**WORK TO COMPLETE:**
Given these entries, repeat exactly the lines starting with the one that has "8月12日,清丰县城西街道组" and going on through the one that has "棕脸鹟莺:体长10厘米,是一", both included, but none of the pictures.

Data extracted from a collection
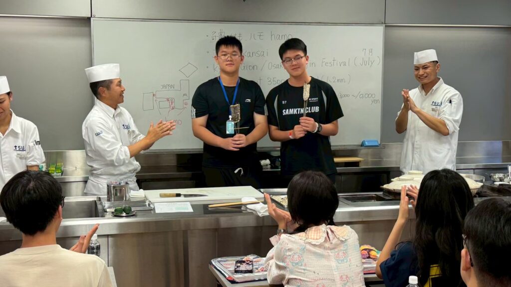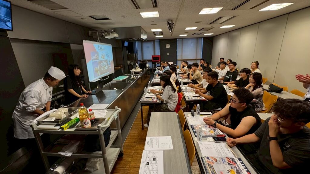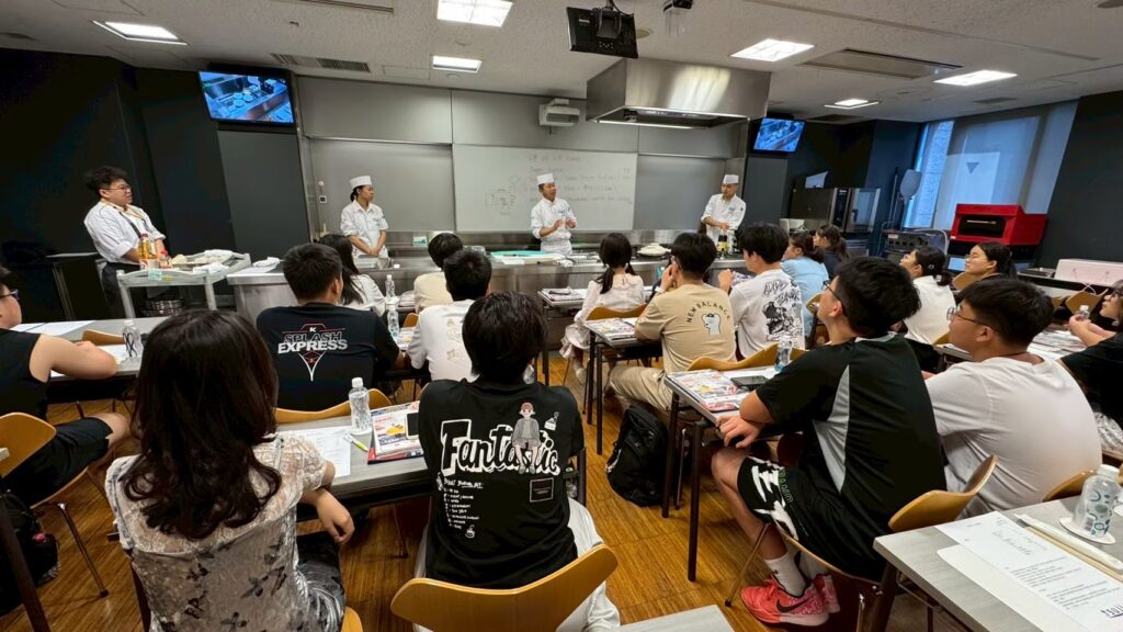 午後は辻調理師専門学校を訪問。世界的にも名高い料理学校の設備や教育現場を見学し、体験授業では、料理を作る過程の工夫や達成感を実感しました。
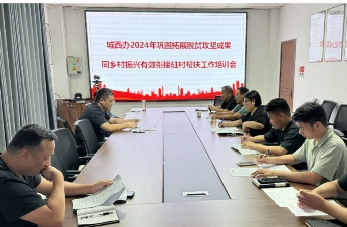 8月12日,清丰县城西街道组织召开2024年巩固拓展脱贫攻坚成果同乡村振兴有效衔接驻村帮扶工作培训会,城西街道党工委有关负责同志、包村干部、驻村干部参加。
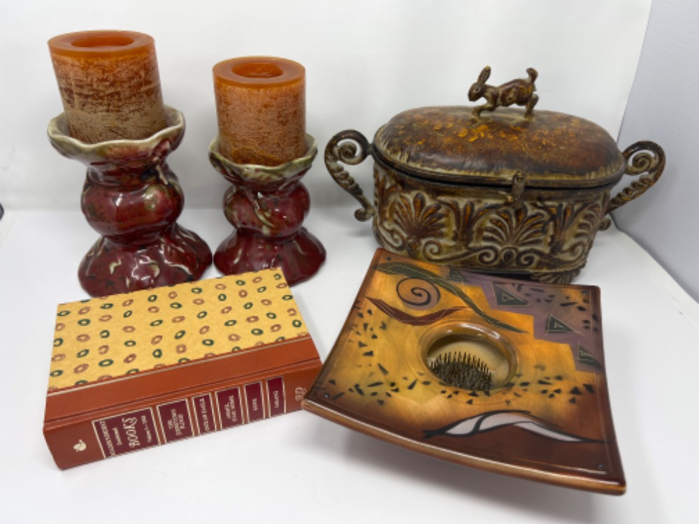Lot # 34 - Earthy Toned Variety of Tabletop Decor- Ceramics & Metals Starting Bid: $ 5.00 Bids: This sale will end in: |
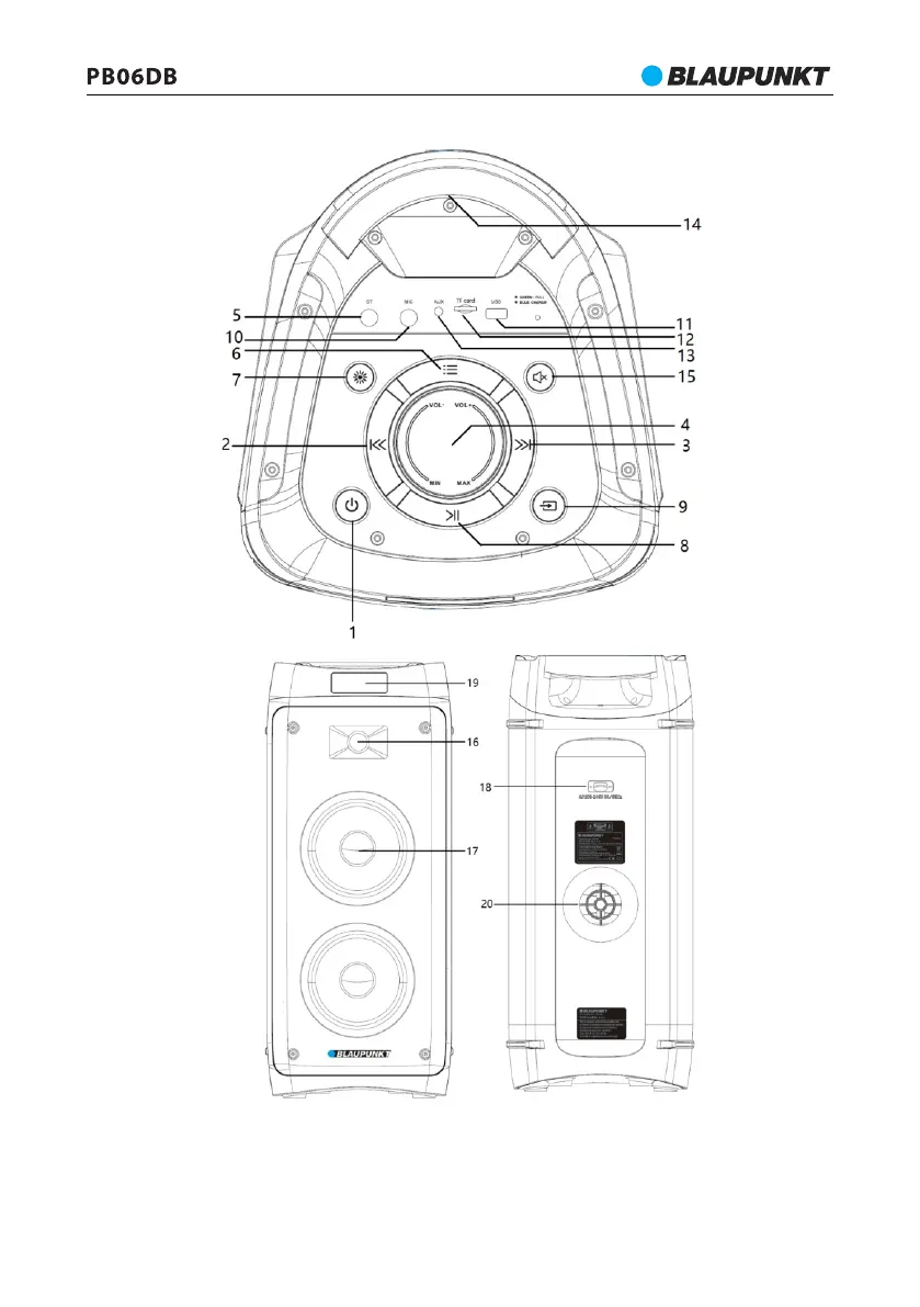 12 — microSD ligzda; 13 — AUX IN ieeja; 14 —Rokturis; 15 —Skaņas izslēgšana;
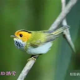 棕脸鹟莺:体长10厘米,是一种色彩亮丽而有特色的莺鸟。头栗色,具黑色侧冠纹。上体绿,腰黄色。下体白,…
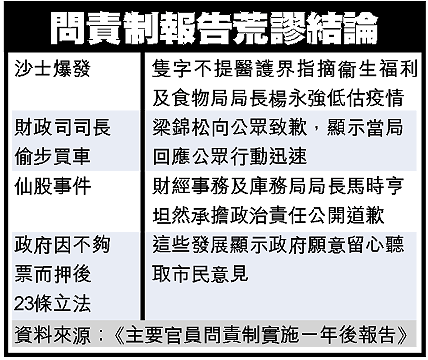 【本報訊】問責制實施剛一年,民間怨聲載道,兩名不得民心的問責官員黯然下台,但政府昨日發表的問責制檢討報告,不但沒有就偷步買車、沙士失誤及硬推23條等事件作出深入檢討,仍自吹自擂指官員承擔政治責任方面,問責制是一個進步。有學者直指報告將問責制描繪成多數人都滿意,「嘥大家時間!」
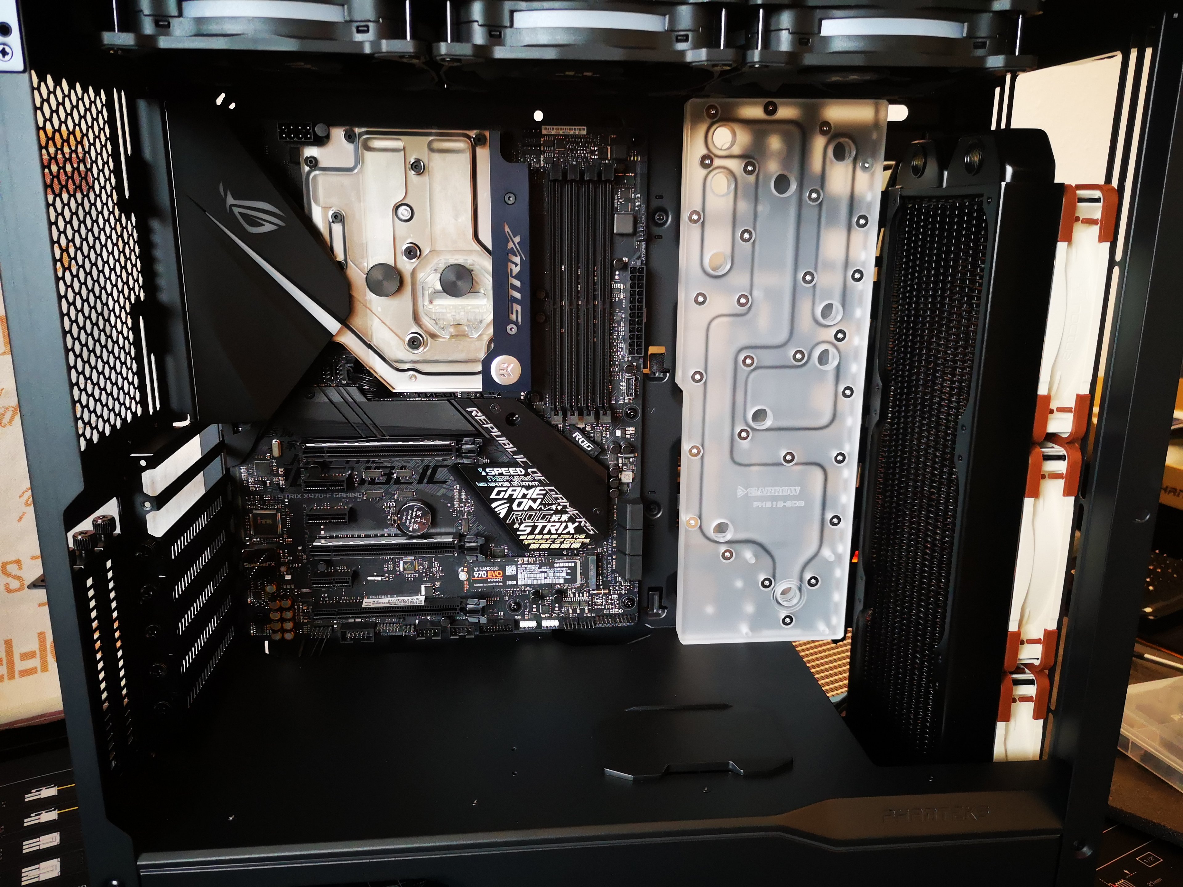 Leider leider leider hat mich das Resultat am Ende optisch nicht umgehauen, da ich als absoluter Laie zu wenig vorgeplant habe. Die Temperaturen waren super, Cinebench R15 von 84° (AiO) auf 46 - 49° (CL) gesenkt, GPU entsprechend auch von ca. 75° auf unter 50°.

**ANSWER SPACE:**
 8月12日,清丰县城西街道组织召开2024年巩固拓展脱贫攻坚成果同乡村振兴有效衔接驻村帮扶工作培训会,城西街道党工委有关负责同志、包村干部、驻村干部参加。
Lot # 34 - Earthy Toned Variety of Tabletop Decor- Ceramics & Metals Starting Bid: $ 5.00 Bids: This sale will end in: |
 12 — microSD ligzda; 13 — AUX IN ieeja; 14 —Rokturis; 15 —Skaņas izslēgšana;
 棕脸鹟莺:体长10厘米,是一种色彩亮丽而有特色的莺鸟。头栗色,具黑色侧冠纹。上体绿,腰黄色。下体白,…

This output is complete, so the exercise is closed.